Weekly appointment with the world’s most watched charts.
Last week in Charts Flash we called the S&P 500 the obvious pick for Chart of the Week, deferring to the Nikkei 225.
Another week of higher highs and higher lows, a new all-time closing high. But in a context of compressed moves and a market that is not pricing risk.
Our volatility indicator tells a different story. We are at levels that in a bull market context have been seen only once in the last 26 years. It was March 2000.
Bulls vs Bears
About 244 total points in play. Two weeks ago the range exceeded 600. The Fear Indicator at 5% captures total complacency carrying over from the previous week.
A mild continuation, enough for a new all-time closing high but, this week, without the conviction of a market that is pushing.
The Big Picture
Weekly close at 7,165.08.
The MA5W and the MA10W are still below the MA20W. The fast moving averages have not recovered the bearish cross generated by the March correction. Price is running alone.
The overextension on the MA5W has reached 3.44%. The 2025 peak was 2.90%, reabsorbed with a sideways and bearish move on the highs.
To find higher values you need to go back to the post-COVID bounce or to 2009.
These are not standard situations, they are not low frequency, they are rare.
Volatility Indicator
19.80%. A top value for the last decade, excluding the COVID crash.
Every peak in the 18-20% area over the past ten years was recorded exclusively in bear markets and often produced a reversal.
To find a comparable peak in a bull market you need to go back to the week of March 24, 2000.
The market registered a top, crashed in the following three weeks from 1,552 to 1,339, bounced and eventually started the Dotcom bear market.
The 2000 precedent
In January 2000 the market set an all-time high. A correction followed, then a violent V-shaped recovery and a large candle that broke the previous top decisively.
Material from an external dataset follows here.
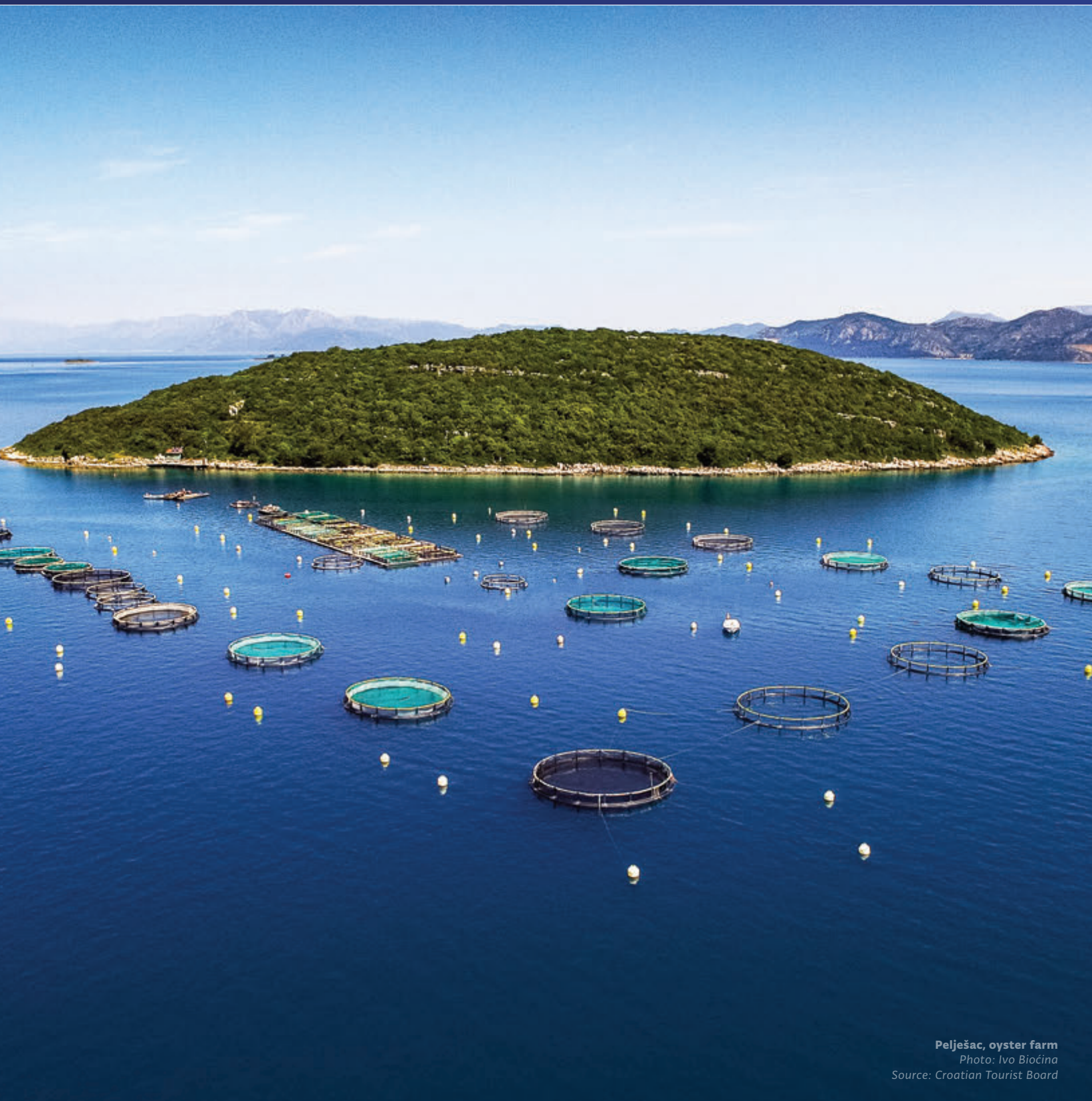
Pelješac, oyster farm

Then the crash, a long distribution phase and the start of the Dotcom bear market in early 2001.
Today: all-time high in January 2026, correction ending in late March, V-shaped move, new record.
There are other cases where a bull volatility peak on the highs led to continuation. But in different contexts: the break of the previous high came gradually, barely exceeded for weeks before moving higher.
What sets this peak apart, like the one in 2000, is that it arrived with a V-shaped move and a violent break of the previous top with a single candle.
Overextension on MA200W
Week 184 of the current cycle. The overextension moves back to 34.21%, above 30%.
In the February deep dive we wrote that +38.15% was the second highest value ever recorded in 40 years of data, surpassed only by the 2000 peak (+60.58%). We wrote that in 40 years every overextension of this magnitude has been historically reabsorbed and that the ultimate target is the MA200W.
In the Chart of the Week Week 11 the overextension had dropped to 28.22%, below 30% for the first time. The compression was proceeding cycle after cycle toward its historical reabsorption.
In a matter of weeks the market reversed the compression. The V-shaped recovery pushed the overextension back above 30% and toward the 2025 peak.
BCP3
The S&P 500 swing has not peaked yet but will almost certainly do so next week.
A further element in favour of a rally that has completed or that will struggle to confirm its momentum.
Conclusion
Our system enters Short. It does so on historical excesses, not on a price signal.
From a pure technical analysis standpoint, a reversal pattern with a clear price signal is needed.
Should one materialise, the highest probability trade is selling Short out-of-the-money CALL options at 1-2 months.
Bullish arguments are not lacking.
The clean break of the previous all-time high and of a sideways range on the highs lasting from September 2025 to February 2026 is gold for trend followers and permabulls.
A quantitative approach however signals that something the markets are hiding.
Multiple indices, with different systems applied, without generating price signals have triggered short signals.
The first was the Nikkei 225. Others will follow in this week’s Charts Flash.
This typically occurs before major market moves, often in the direction of the systems.
But when it doesn’t, it goes violently the other way.
These are not normal situations. If wrong, it is wrong by a lot. There will be no room for noise.